Taxas de juros altas favorecem o crescimento da inadimplência. Embora o BC afirme que a inadimplência do crédito total do sistema financeiro, que considera os atrasos superiores a 90 dias, permaneceu estável no mês de agosto (2,8%), a pesquisa apontou para o crescimento no volume de consumidores que atrasaram o pagamento de dívidas, alcançando o recorde de 30% de inadimplentes. As dificuldades em honrar os compromissos financeiros são mais perceptíveis entre as famílias de menor renda.
Pode-se observar que, embora tenha havido deflação dos últimos meses, queda na taxa de desemprego e mantida a ajuda do governo federal com o Auxilio Brasil, tem aumentado o número de brasileiros em busca de recursos de terceiros.
O Índice Nacional de Preços ao Consumidor Amplo (IPCA), índice oficial do Governo Federal para medição das metas inflacionárias, apresentou queda de 0,68% em julho, 0,36% em agosto e 0,29% em setembro. Deflação nos três meses.
A Pesquisa Nacional por Amostra de Domicílios Contínua (PNAD-Contínua) do IBGE acompanha a evolução da força de trabalho e apresentou a taxa de desocupação em 8,9%, sensivelmente inferior aos 13,1% do mesmo período de 2021.
O Auxílio Brasil é um programa social que objetiva garantir uma renda básica às famílias em situação de pobreza (renda mensal de até R$ 210,00 por membro da família) e beneficiou 20,65 milhões de famílias em setembro.

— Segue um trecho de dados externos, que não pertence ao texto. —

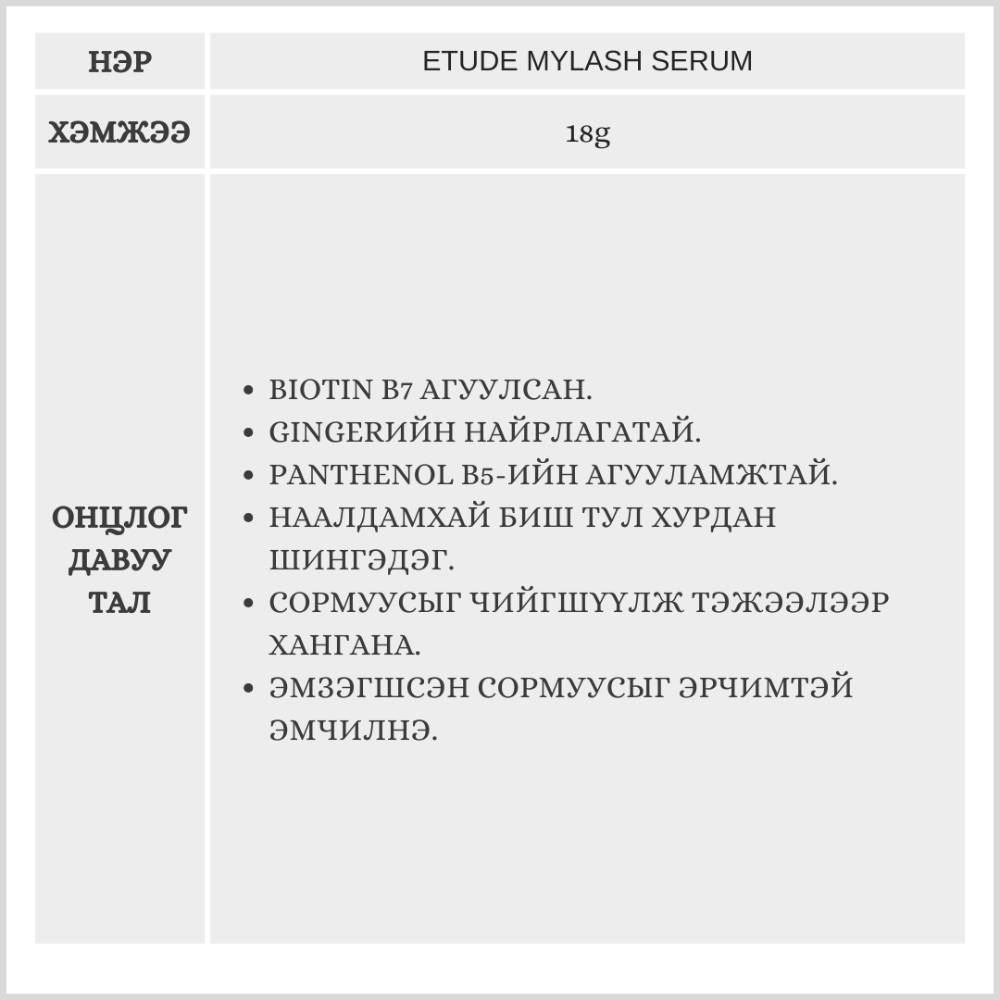 ETUDE MYLASH SERUM / СОРМУУСНЫ СЕРУМ /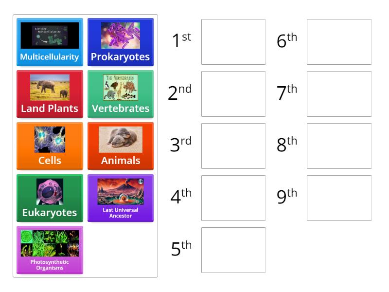 Cells, Last Universal Ancestor, Prokaryotes, Photosynthetic Organisms, Eukaryotes, Multicellularity, Animals, Vertebrates, Land Plants.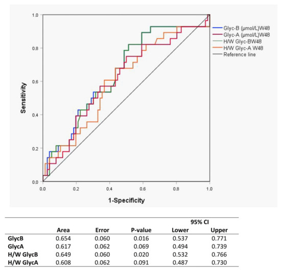 In the <200 CD4+ T-cells/µL group, the GlycB concentrations and H/W ratios showed a significant decrease at week 48, and the level was maintained up to week 144 (Figure 3B,D). The GlycA evolution showed a similar trend, although only the H/W ratio achieved statistical significance (Figure 3A,C). This pattern was not observed in the >200 CD4+ T-cells/µL group. The ROC curves including GlycB and its H/W ratio separately at week 48 show a predictive value of immunological response (Figure 4).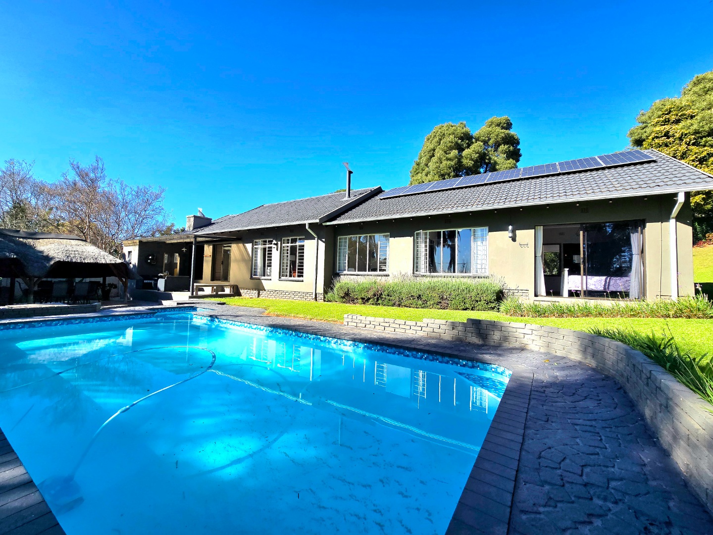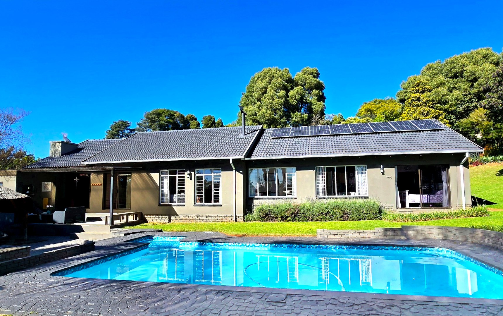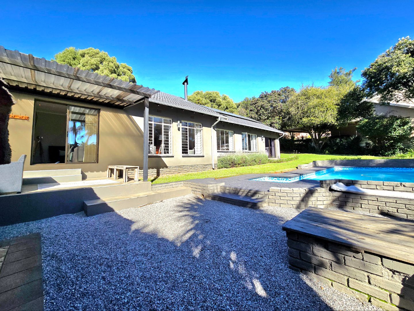 The pool is ideal for summer days, and here’s a bonus, Equipped with with eight solar panels and an 8kW battery backup system, available on a rent-to-own basis (optional) , That means you’ll enjoy more energy independence and fewer worries during loadshedding.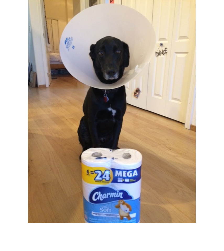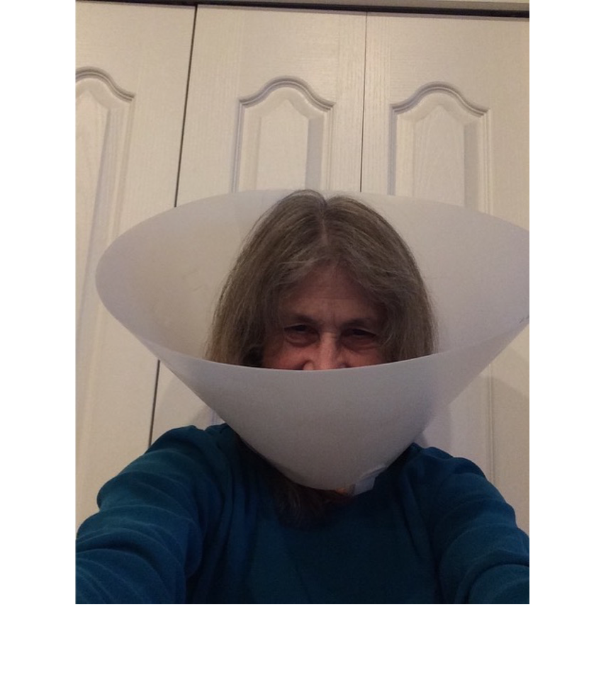 Writes Helene – “Hi All, Here’s my dog, Django, and myself practicing good hygiene; wearing a ‘cone of shame’ to keep our paws/hands away from our faces.  I’m using the time to finally read Moby Dick while drinking vodka quarantinis. I hope you are all doing well and managing to stay healthy and amused!   Helene”

Não existem evidências sobre o motivo do aumento na busca por crédito, mas considerando que os preços demoram a ceder em virtude da deflação observada nos últimos três meses, que a queda na taxa de desemprego é recente e que o valor de R$ 600,00 do Auxílio Brasil não permite extravagâncias orçamentárias, pode-se inferir que seja pouco provável que tenha sido causado pelo aumento no consumo.
As famílias brasileiras ainda estão sentindo os efeitos inflacionários causados pelas secas, pela pandemia e pela guerra entre Rússia e Ucrânia. Parece-me que garantir o pagamento da moradia e da alimentação, sem luxos, não tem sido uma tarefa fácil e talvez, recorrer aos bancos e financeiras seja a luz no fim do túnel para muitas dessas famílias que se preocupam em arcar com as suas responsabilidades. Um grito único e desesperado de socorro.